▸ **WHAT IS EXPECTED**
Find, in the records below, the line that contains "Цепь со стразами, с" and the line that contains "windows overlooking mountains". Copy those two lines and everything between them exactly, but not the pictures.
··· ENTRIES SHOWN
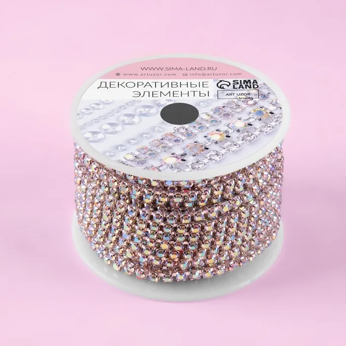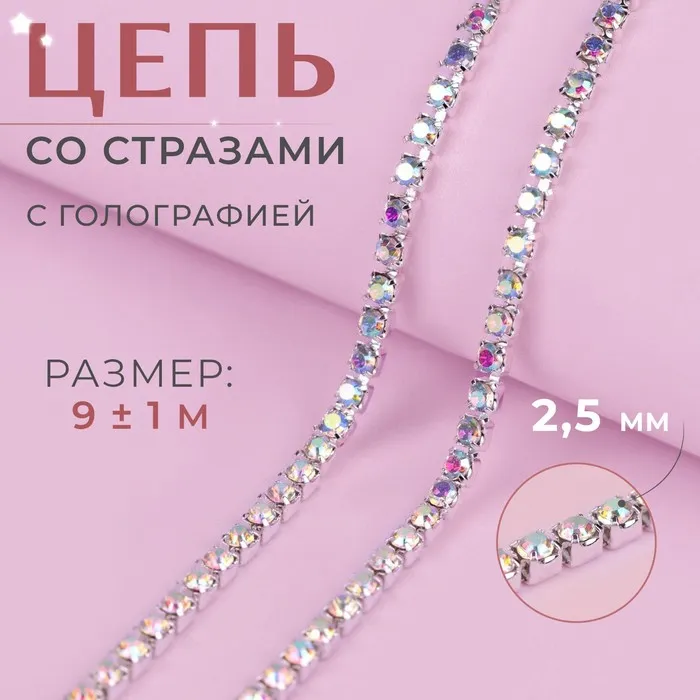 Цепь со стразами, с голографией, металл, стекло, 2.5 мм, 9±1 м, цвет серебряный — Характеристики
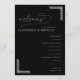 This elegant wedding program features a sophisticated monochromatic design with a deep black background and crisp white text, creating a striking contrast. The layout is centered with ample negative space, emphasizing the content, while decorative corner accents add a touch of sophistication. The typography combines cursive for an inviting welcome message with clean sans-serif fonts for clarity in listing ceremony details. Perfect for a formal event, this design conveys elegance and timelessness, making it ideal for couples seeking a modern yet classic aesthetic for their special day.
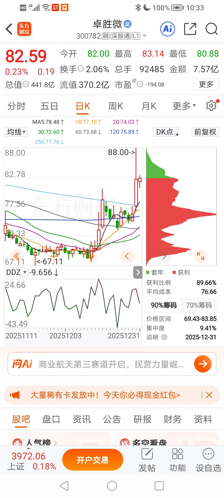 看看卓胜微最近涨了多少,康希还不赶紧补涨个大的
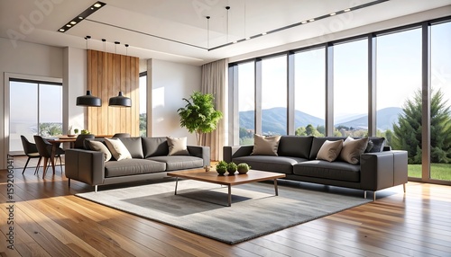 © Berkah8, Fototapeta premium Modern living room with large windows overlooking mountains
······
··· ENTRIES SHOWN
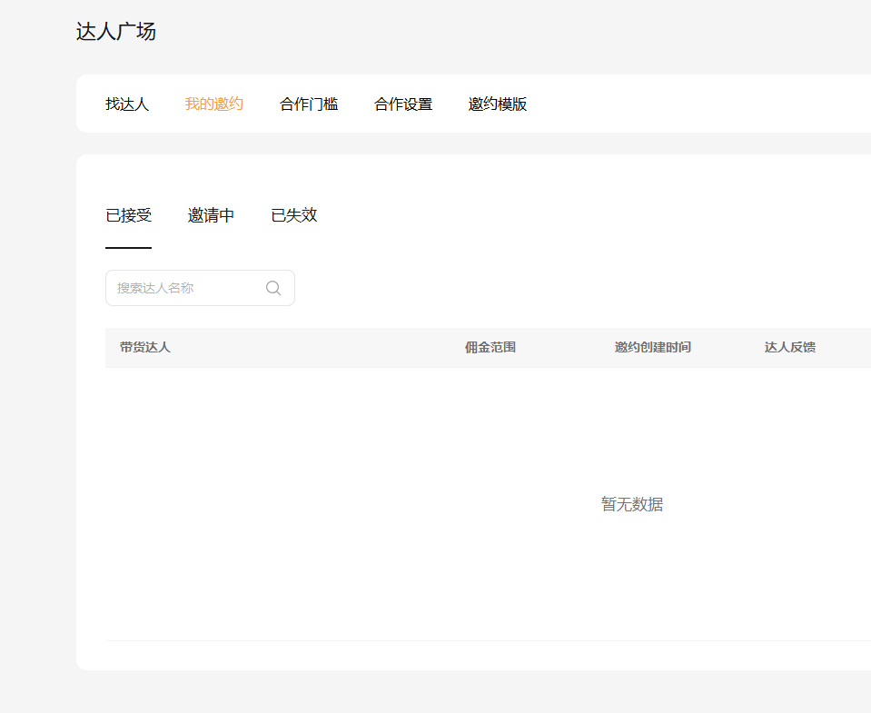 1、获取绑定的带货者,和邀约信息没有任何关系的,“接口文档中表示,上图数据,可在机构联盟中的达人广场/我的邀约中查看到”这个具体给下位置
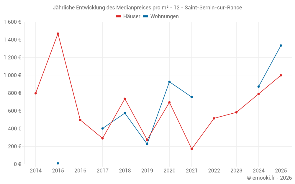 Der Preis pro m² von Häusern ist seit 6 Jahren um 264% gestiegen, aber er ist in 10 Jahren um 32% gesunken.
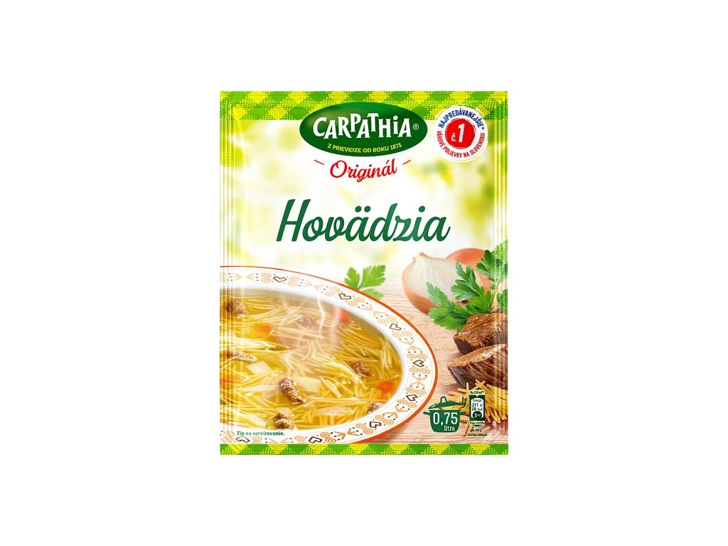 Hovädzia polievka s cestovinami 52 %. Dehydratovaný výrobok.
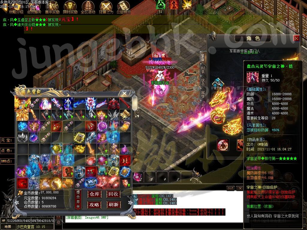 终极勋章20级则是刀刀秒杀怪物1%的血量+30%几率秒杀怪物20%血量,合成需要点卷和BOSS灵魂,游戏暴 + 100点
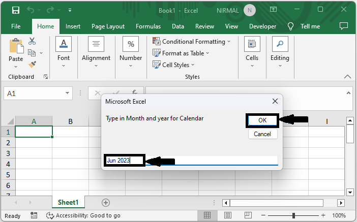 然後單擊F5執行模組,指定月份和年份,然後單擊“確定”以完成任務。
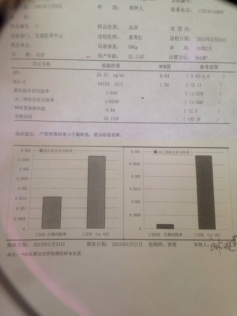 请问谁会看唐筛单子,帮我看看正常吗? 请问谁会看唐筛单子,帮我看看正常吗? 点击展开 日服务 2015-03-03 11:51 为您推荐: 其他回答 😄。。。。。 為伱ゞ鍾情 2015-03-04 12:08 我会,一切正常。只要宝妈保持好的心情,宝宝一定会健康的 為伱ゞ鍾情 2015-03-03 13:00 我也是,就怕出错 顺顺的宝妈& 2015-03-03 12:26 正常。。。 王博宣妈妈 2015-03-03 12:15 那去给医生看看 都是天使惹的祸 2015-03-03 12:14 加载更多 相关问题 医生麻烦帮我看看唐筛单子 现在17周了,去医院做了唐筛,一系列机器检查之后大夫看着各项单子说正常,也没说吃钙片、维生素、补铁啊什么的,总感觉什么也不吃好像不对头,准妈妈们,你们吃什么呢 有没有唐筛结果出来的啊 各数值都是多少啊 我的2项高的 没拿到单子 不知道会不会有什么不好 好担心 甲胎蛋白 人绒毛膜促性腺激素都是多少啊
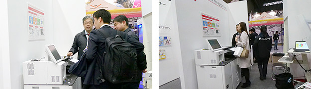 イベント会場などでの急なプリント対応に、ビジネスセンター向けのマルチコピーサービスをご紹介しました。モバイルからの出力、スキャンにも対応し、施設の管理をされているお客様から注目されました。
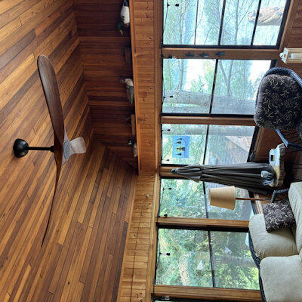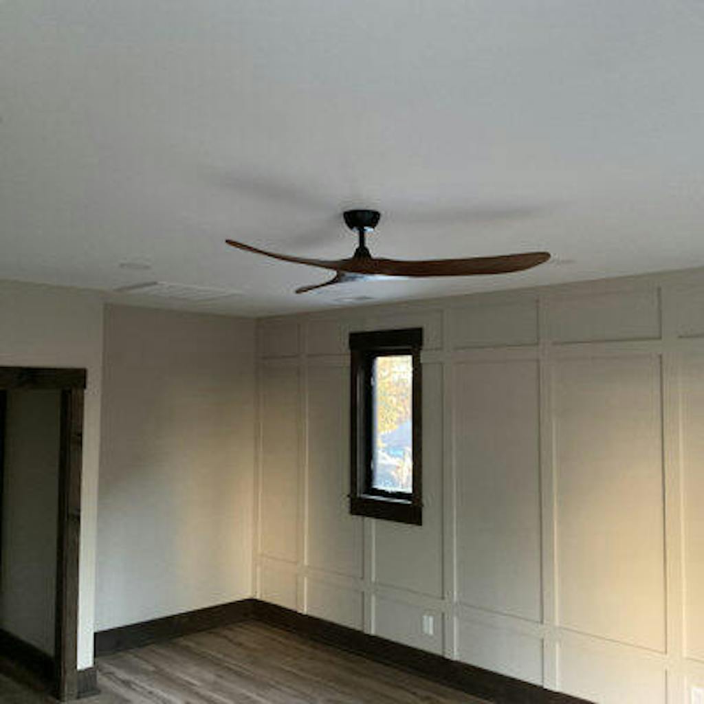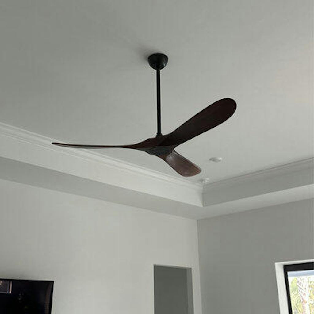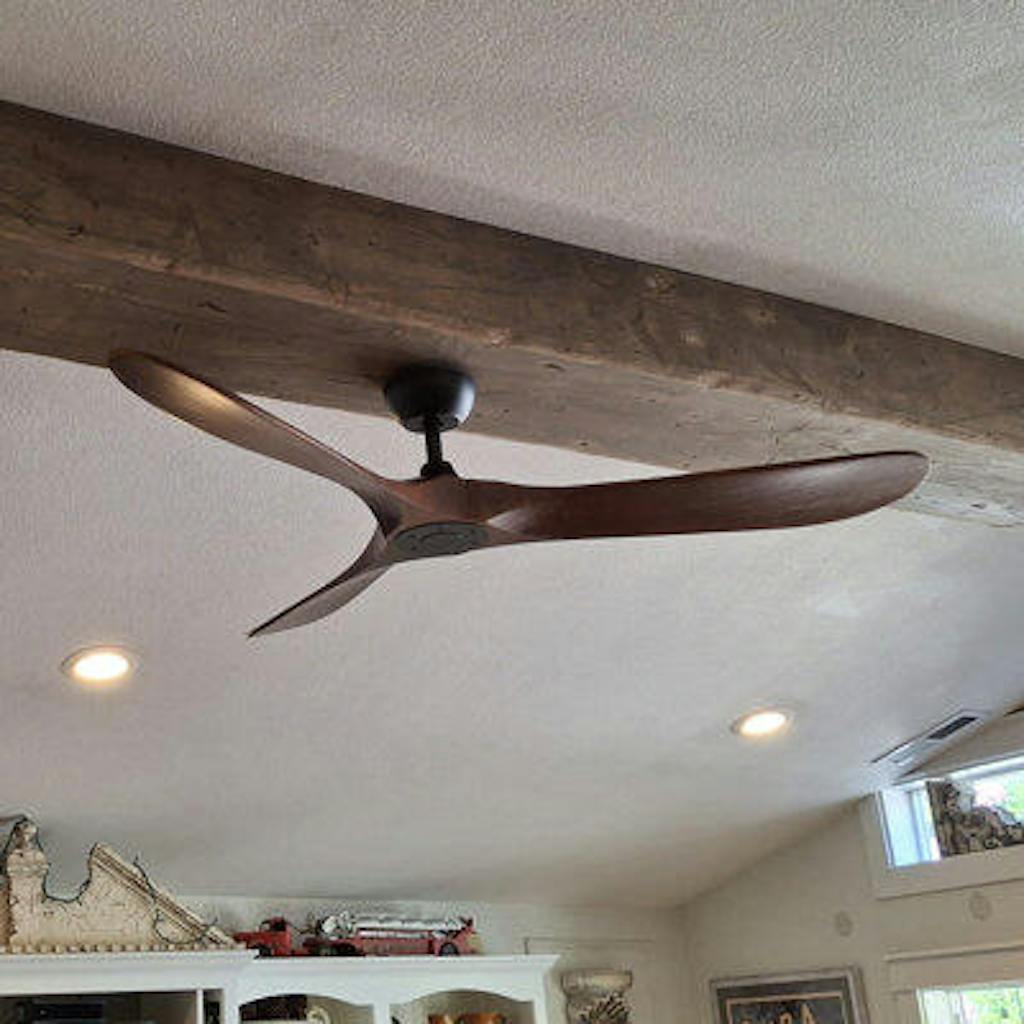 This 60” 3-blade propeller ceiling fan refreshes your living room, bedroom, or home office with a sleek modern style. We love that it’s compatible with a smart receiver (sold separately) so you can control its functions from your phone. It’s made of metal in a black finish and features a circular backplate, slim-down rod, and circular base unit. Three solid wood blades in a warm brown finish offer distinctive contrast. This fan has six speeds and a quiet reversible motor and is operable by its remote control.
······
▸ **COMPLETED TASK**
 Цепь со стразами, с голографией, металл, стекло, 2.5 мм, 9±1 м, цвет серебряный — Характеристики
 This elegant wedding program features a sophisticated monochromatic design with a deep black background and crisp white text, creating a striking contrast. The layout is centered with ample negative space, emphasizing the content, while decorative corner accents add a touch of sophistication. The typography combines cursive for an inviting welcome message with clean sans-serif fonts for clarity in listing ceremony details. Perfect for a formal event, this design conveys elegance and timelessness, making it ideal for couples seeking a modern yet classic aesthetic for their special day.
 看看卓胜微最近涨了多少,康希还不赶紧补涨个大的
 © Berkah8, Fototapeta premium Modern living room with large windows overlooking mountains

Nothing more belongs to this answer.